RECORDS:
• • • • •

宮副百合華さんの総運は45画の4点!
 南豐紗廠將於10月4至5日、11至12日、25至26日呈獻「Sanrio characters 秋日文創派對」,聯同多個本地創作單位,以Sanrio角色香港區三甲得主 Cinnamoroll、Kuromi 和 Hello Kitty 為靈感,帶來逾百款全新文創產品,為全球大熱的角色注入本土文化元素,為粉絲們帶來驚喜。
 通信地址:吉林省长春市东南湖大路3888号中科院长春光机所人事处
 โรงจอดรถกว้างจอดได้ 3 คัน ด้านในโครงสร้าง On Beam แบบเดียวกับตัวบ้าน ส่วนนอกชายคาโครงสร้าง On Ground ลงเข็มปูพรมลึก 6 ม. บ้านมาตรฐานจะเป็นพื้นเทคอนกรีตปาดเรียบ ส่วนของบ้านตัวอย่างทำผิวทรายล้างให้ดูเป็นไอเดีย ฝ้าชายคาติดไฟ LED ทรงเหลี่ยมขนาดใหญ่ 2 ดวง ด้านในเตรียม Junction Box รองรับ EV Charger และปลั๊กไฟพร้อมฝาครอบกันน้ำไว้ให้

• • • • •

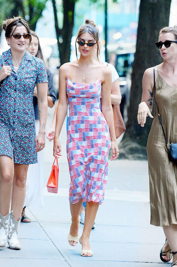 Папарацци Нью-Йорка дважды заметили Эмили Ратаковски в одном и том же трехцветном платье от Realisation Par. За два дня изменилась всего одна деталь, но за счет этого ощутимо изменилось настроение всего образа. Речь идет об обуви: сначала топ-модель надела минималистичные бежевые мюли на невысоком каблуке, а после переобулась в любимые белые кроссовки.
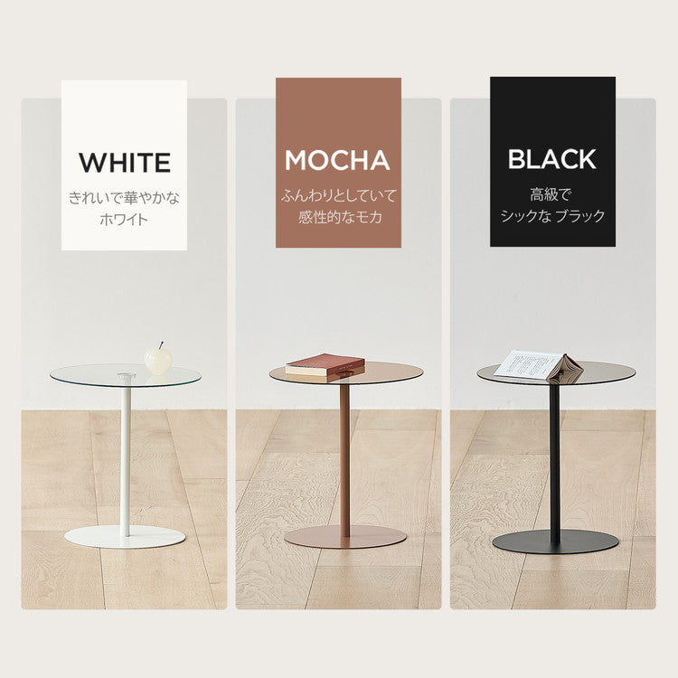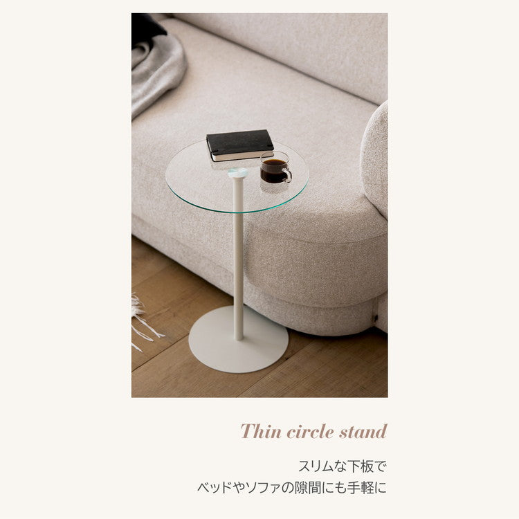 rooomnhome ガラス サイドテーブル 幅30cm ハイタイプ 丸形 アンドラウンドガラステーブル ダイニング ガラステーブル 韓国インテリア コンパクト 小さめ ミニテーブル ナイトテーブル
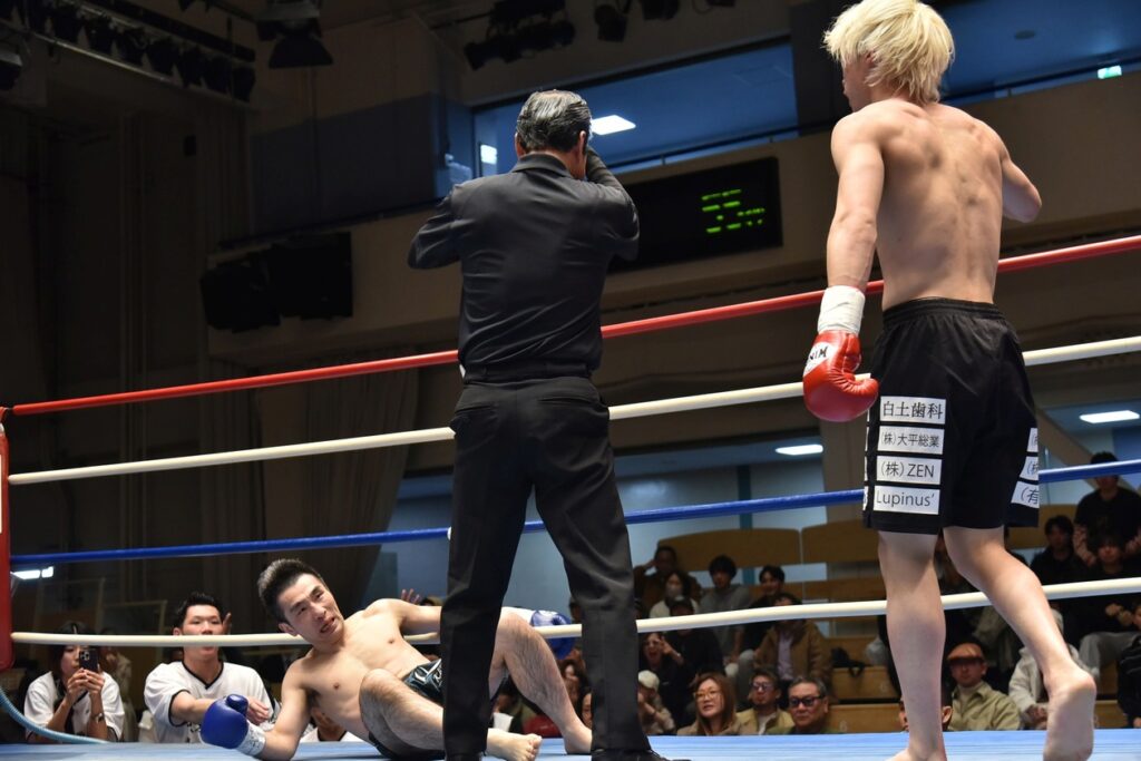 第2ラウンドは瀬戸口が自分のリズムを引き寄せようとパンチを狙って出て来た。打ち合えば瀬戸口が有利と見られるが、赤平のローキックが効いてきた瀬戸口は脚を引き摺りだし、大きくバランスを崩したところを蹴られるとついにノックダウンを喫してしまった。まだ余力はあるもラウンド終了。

• • • • •

Within the data above, the lines from the one with "Hello Kitty 為靈感,帶來逾百款全新文創產品,為全球大熱的角色注入本土文化元素,為粉絲們帶來驚喜。" to the one with "โรงจอดรถกว้างจอดได้ 3 คัน" must be repeated exactly; no other line belongs in the answer.

WRITTEN ANSWER:
 南豐紗廠將於10月4至5日、11至12日、25至26日呈獻「Sanrio characters 秋日文創派對」,聯同多個本地創作單位,以Sanrio角色香港區三甲得主 Cinnamoroll、Kuromi 和 Hello Kitty 為靈感,帶來逾百款全新文創產品,為全球大熱的角色注入本土文化元素,為粉絲們帶來驚喜。
 通信地址:吉林省长春市东南湖大路3888号中科院长春光机所人事处
 โรงจอดรถกว้างจอดได้ 3 คัน ด้านในโครงสร้าง On Beam แบบเดียวกับตัวบ้าน ส่วนนอกชายคาโครงสร้าง On Ground ลงเข็มปูพรมลึก 6 ม. บ้านมาตรฐานจะเป็นพื้นเทคอนกรีตปาดเรียบ ส่วนของบ้านตัวอย่างทำผิวทรายล้างให้ดูเป็นไอเดีย ฝ้าชายคาติดไฟ LED ทรงเหลี่ยมขนาดใหญ่ 2 ดวง ด้านในเตรียม Junction Box รองรับ EV Charger และปลั๊กไฟพร้อมฝาครอบกันน้ำไว้ให้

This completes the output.